# Making a CSV data file from text lines
## A dataset for Norwegian preterites

by Koenraad De Smedt at UiB

---
This notebook demonstrates how to:

1.  Construct and write a CSV file
2.  Extract character attributes from words
3.  Fill in missing attributes
4.  Break up a problem in smaller steps.

CSV is an often used format in data science, so it is useful to have some experience in converting data to this format. The current demo results in a file that can be fed into a machine learning program like [Weka](https://waikato.github.io/weka-wiki/downloading_weka/).

A plain [list of Norwegian preterites](https://git.app.uib.no/desmedt/teaching/-/raw/main/vpret-et-te.txt) is used as a basis. The last two letters of each verbform are up the suffix (*et* or *te*) and will be extracted as the last attribute for the CSV file. The three attributes before that are the three letters before the suffix. All features must be delimited by a separator (usually a comma). Example:

>`abonnerte` -> `n,e,r,te`

>`adlet` -> `a,d,l,et`

If a preterite is shorter than the required 5 characters, a filler character should fill the places of the missing features.

>`aget'` -> `+,a,g,et`

>`ået'` -> `+,+,å,et`

---

## Define variables and helper functions

First define some global variables. This makes it easy to change them if the need should arise. The filler and separator should be non-word characters.

In [None]:
filler = '+'
sep = ','

Now break down the problem and define some helper functions. Because taking the five final characters of a word will fail if the word is too short, step one is to write a helper function that ‘fills up’ a word with fillers if necessary, otherwise the word is returned as it was.

In [None]:
def fill_pret (verb):
  if len(verb) < 5:
    return (5 - len(verb)) * filler + verb
  else: return verb

fill_pret('ået')

In [None]:
fill_pret('abonnerte')

Step two is to write the main conversion function that first uses the helper function and then joins the necessary features with commas.

In [None]:
def convert_pret (verb):
  verb = fill_pret(verb)
  return sep.join(verb[-5:-1]) + verb[-1]

convert_pret ('ået')

In [None]:
convert_pret('abonnerte')

## Convert input file to output file

Now we are ready to apply the conversion to every line that is read from a file and to write the results to another file. The input file is remotely available. The output will be a temporary file (downloadable).

In [None]:
import requests
vpret_url = 'https://git.app.uib.no/desmedt/teaching/-/raw/main/vpret-et-te.txt'

Open the url as a stream from which you can read lines. With an open output file, first print a header (column names). Then iterate over lines from the stream, and print the converted lined to the output file. The `.strip` function strips whitespace (including newlines) from the beginning and end of the line.

In [None]:
vpret_stream = requests.get(vpret_url, stream=True)

with open('vpret.csv', 'w') as outfile:
  print(sep.join(['ant','pen','fin','suffix']), file=outfile)
  for line in vpret_stream.iter_lines(decode_unicode=True):
    print(convert_pret(line.strip()), file=outfile)
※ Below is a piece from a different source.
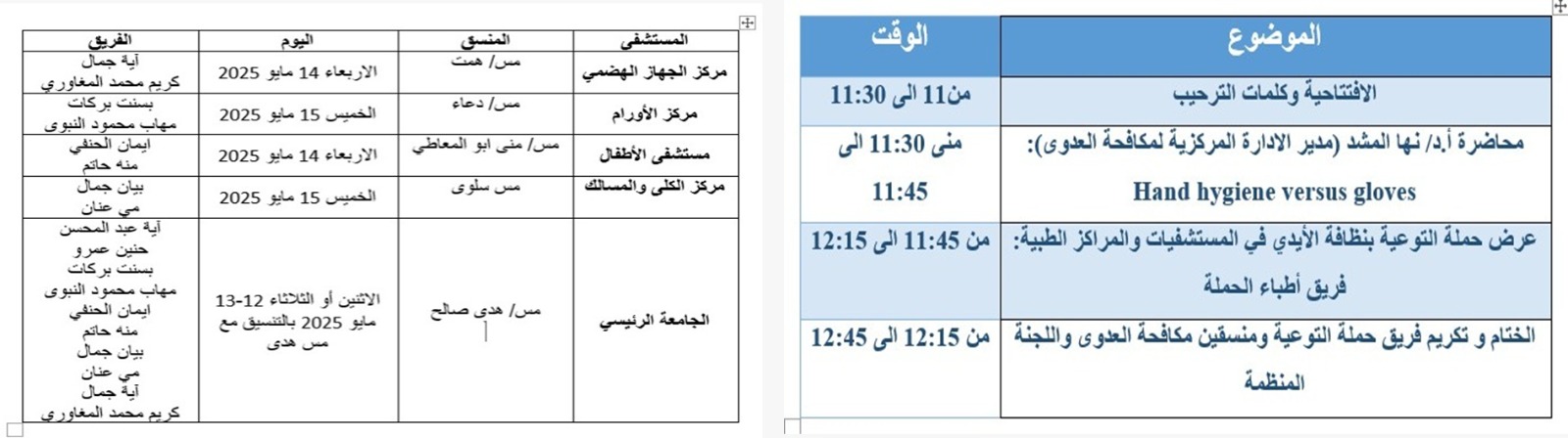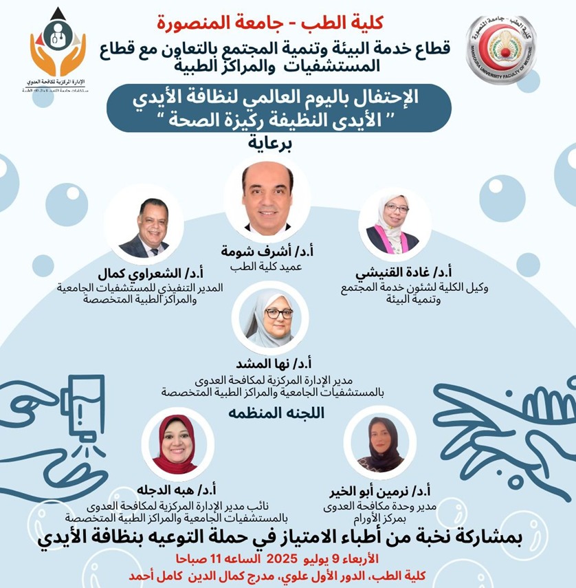 احتفالية الادارة المركزية لمكافحة العدوى باليوم العالمي لنظافة الأيدي بالتعاون مع قطاع شئون خدمة المجتمع وتنمية البيئة
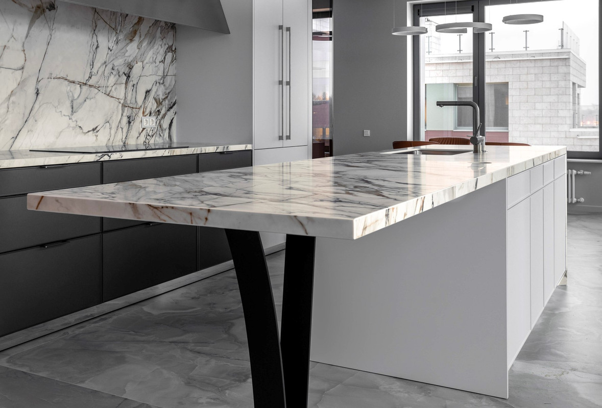 В наше время тренд на изделия из широкоформатной керамики по-прежнему актуален и меняются лишь цветовые предпочтения. Сейчас модные тенденции за бежевым полупрозрачным мрамором, мрамором светлым с контрастным ярким рисунком, деревом любого узора и оттенка и натуральными камнями как оникс, кварцит, травертин и др.

Check the contents of the resulting file. Read and print only the first 100 characters.

In [None]:
with open('vpret.csv') as f:
  print(f.read(100))

Alternatively, shown the first ten lines with an operating system command.

In [None]:
!head vpret.csv

### Exercises

1.   Change the filler and separator. Run the program and check the result.
2.   If you want to use 6 letters, for instance, instead of 5, you have to change the program in several places. This may be inconvenient and prone to errors. A better way is to make a global variable `nletters` for the number of letters of the word that will be used in the output. Add this variable at the beginning and adapt the program where necessary to use this variable.